### [Work item]
Each entry must be given again exactly as it appears, with images excluded.

### [Data section]
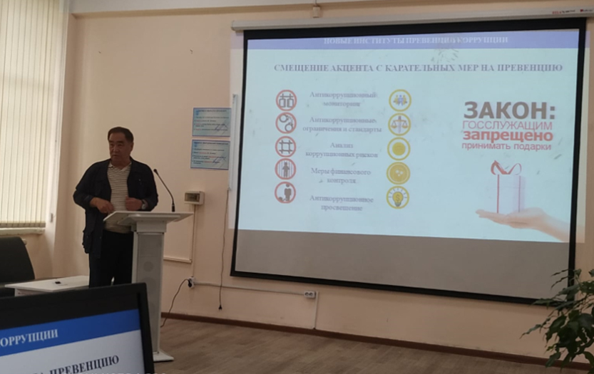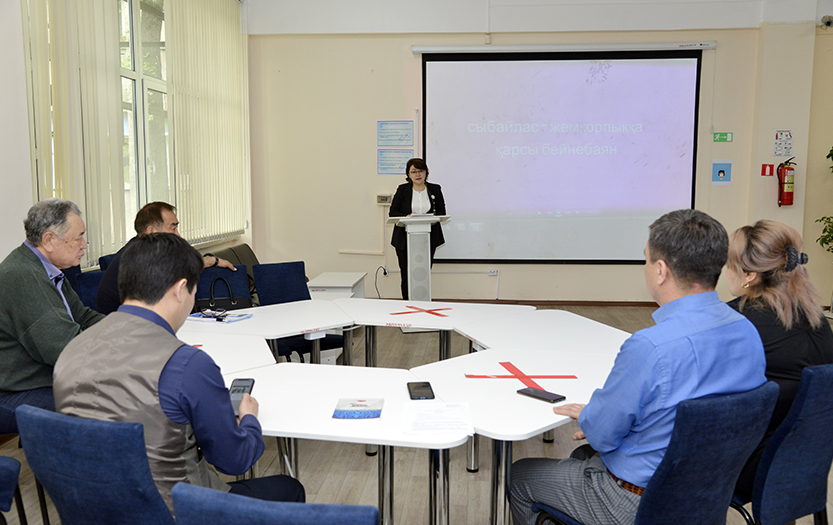 There was also organized a book exhibition "Honesty and Integrity is a Sign of Humanity". The event was attended by: the head of the anti-corruption compliance service Serikbay Nurgisaev, chairman of the Council of Veterans Berikzhan Almukhambetov, director of the Scientific Library Nurgul Imansydykova, acting director of the Institute of Mathematics, Physics and Informatics Sheripidin Khamraev, deputy director for educational work Zhasulan Mukashev, students and staff of the library. A video "There is no corruption in our society" was shown. Professor S. U. Nurgisaev presented the scientific library with his books. Participants of the event showed great interest in the topic raised, shared their thoughts and had a lot of impressions.
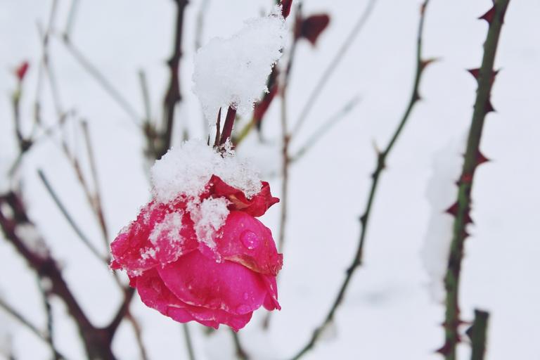 Keywords: rose snow winter nature red covered blossom bloom ice flower plant love close emotion pink branch white snowy cold thorns icy wintry frost
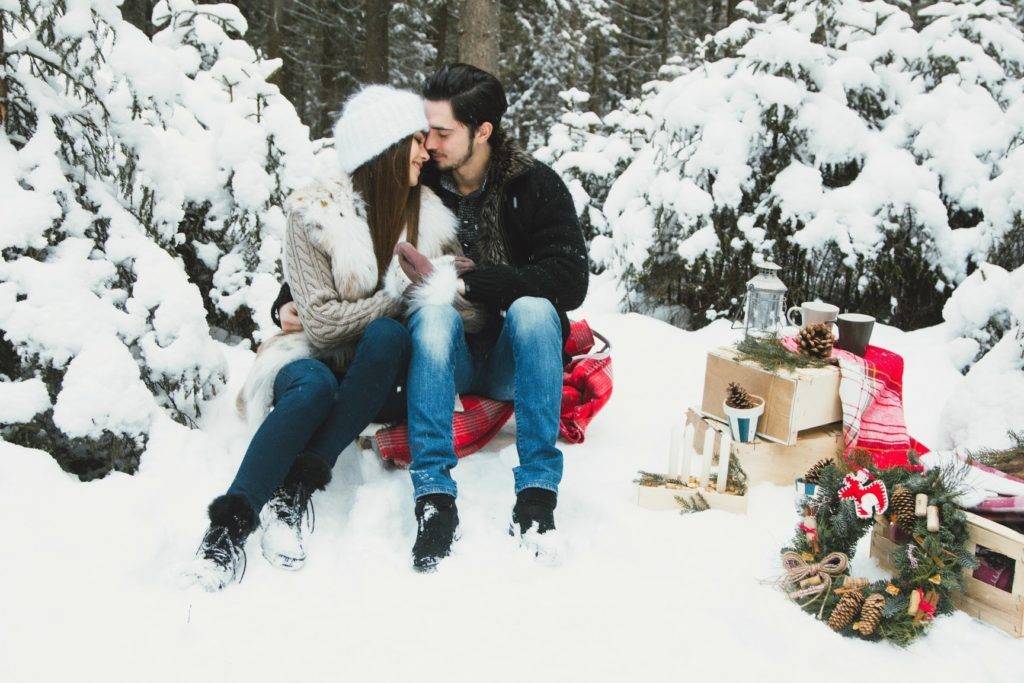 - Выбрать самое живописное место в снежном лесу или блистающем новогодними огнями парке;
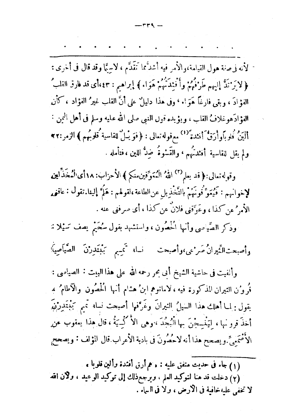 أَلْيَنُ قُلُوبًا وَأَرَقّ أَفْئِدَةً «1» مَعَ قَوْلِهِ تَعَالَى: فَوَيْلٌ لِلْقاسِيَةِ قُلُوبُهُمْ الزمر: 22 ولم يقل للقاسية أفئلتهم، والقسوة ضد اللين، فتأمله.
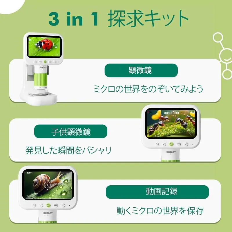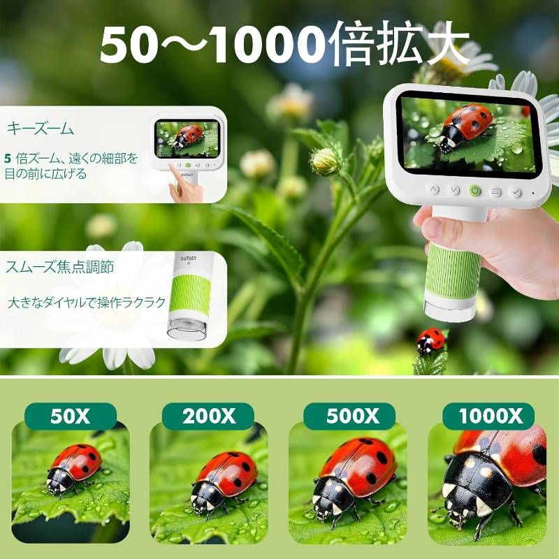 【おすすめポイント】 ✅ 驚異の1000倍拡大!植物の細胞や昆虫の細かな構造までリアルに再現します。 ✅ 撮影・録画機能搭載!観察した感動を写真や動画として8GBカードに保存可能です。 ✅ 長時間駆動の大容量バッテリー!USB-C充電対応で、屋外での探検にも最適です。 ✅ 充実の付属品セット!6枚のプレパラート付きで、すぐに本格的な観察が楽しめます。 ✅ パソコンシステム対応!大きな画面で共有したり、データの整理がスムーズに行えます。
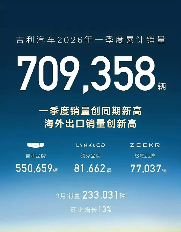 截止2026年3月吉利汽车2026年度官方销量目标及完成进度:
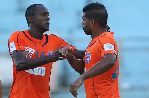| Niềm vui của các cầu thủ Đà Nẵng sau khi ghi bàn vào lưới ĐTLA. Ảnh: Thắng Lê |
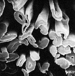 图2-21(1)蚕丝纵向形态 图2-21(2)蚕丝横向形态

### [Answer]
 There was also organized a book exhibition "Honesty and Integrity is a Sign of Humanity". The event was attended by: the head of the anti-corruption compliance service Serikbay Nurgisaev, chairman of the Council of Veterans Berikzhan Almukhambetov, director of the Scientific Library Nurgul Imansydykova, acting director of the Institute of Mathematics, Physics and Informatics Sheripidin Khamraev, deputy director for educational work Zhasulan Mukashev, students and staff of the library. A video "There is no corruption in our society" was shown. Professor S. U. Nurgisaev presented the scientific library with his books. Participants of the event showed great interest in the topic raised, shared their thoughts and had a lot of impressions.
 Keywords: rose snow winter nature red covered blossom bloom ice flower plant love close emotion pink branch white snowy cold thorns icy wintry frost
 - Выбрать самое живописное место в снежном лесу или блистающем новогодними огнями парке;
 أَلْيَنُ قُلُوبًا وَأَرَقّ أَفْئِدَةً «1» مَعَ قَوْلِهِ تَعَالَى: فَوَيْلٌ لِلْقاسِيَةِ قُلُوبُهُمْ الزمر: 22 ولم يقل للقاسية أفئلتهم، والقسوة ضد اللين، فتأمله.
 【おすすめポイント】 ✅ 驚異の1000倍拡大!植物の細胞や昆虫の細かな構造までリアルに再現します。 ✅ 撮影・録画機能搭載!観察した感動を写真や動画として8GBカードに保存可能です。 ✅ 長時間駆動の大容量バッテリー!USB-C充電対応で、屋外での探検にも最適です。 ✅ 充実の付属品セット!6枚のプレパラート付きで、すぐに本格的な観察が楽しめます。 ✅ パソコンシステム対応!大きな画面で共有したり、データの整理がスムーズに行えます。
 截止2026年3月吉利汽车2026年度官方销量目标及完成进度:
| Niềm vui của các cầu thủ Đà Nẵng sau khi ghi bàn vào lưới ĐTLA. Ảnh: Thắng Lê |
 图2-21(1)蚕丝纵向形态 图2-21(2)蚕丝横向形态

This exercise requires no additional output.